What is needed is an exact retyping of each entry, pictures excluded.

BEGIN

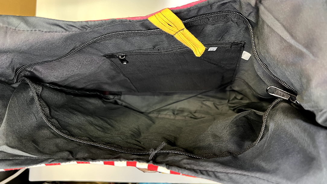 - This astoundingly bohemian bag is lined black from inside, has a zipper and a button closure on the top and a small zipper pocket inside.
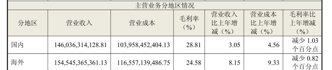 这座“粮仓”并非海尔智家的惬心区。财报露馅,2025年海尔智家外洋居品联系毛利率为24.58%,低于国内阛阓的28.81%,外洋业务的盈利恶果仍有较大升迁空间。
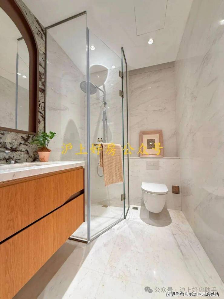 基础硬件都不差,项目在审美上还做了不少创新——☑️☑️外滩源著复兴里售楼处电话:400-1183-605☑️☑️卫生间大量采用奢石和石材,比如主卫柜体墙面就是香格里拉翡翠拼花,龙头是冷热分离式,成本更高:
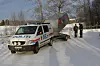 Politiet testet en snøscooter med et fåtall fotografer til stede. Like ved gjødselhaugen de gravde søndag. Foto: Glenn Slydal Johansen
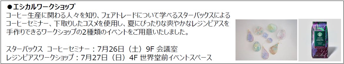 「コスメやファッションアイテムのサンプルセール・アーカイブ品の販売」、「エシカルワークショップ」など各ショップにある掘り出しものをお得に楽しくお買い物・体験できるイベントを開催いたします。

END

_SOLUTION TO THIS EXERCISE_
 - This astoundingly bohemian bag is lined black from inside, has a zipper and a button closure on the top and a small zipper pocket inside.
 这座“粮仓”并非海尔智家的惬心区。财报露馅,2025年海尔智家外洋居品联系毛利率为24.58%,低于国内阛阓的28.81%,外洋业务的盈利恶果仍有较大升迁空间。
 基础硬件都不差,项目在审美上还做了不少创新——☑️☑️外滩源著复兴里售楼处电话:400-1183-605☑️☑️卫生间大量采用奢石和石材,比如主卫柜体墙面就是香格里拉翡翠拼花,龙头是冷热分离式,成本更高:
 Politiet testet en snøscooter med et fåtall fotografer til stede. Like ved gjødselhaugen de gravde søndag. Foto: Glenn Slydal Johansen
 「コスメやファッションアイテムのサンプルセール・アーカイブ品の販売」、「エシカルワークショップ」など各ショップにある掘り出しものをお得に楽しくお買い物・体験できるイベントを開催いたします。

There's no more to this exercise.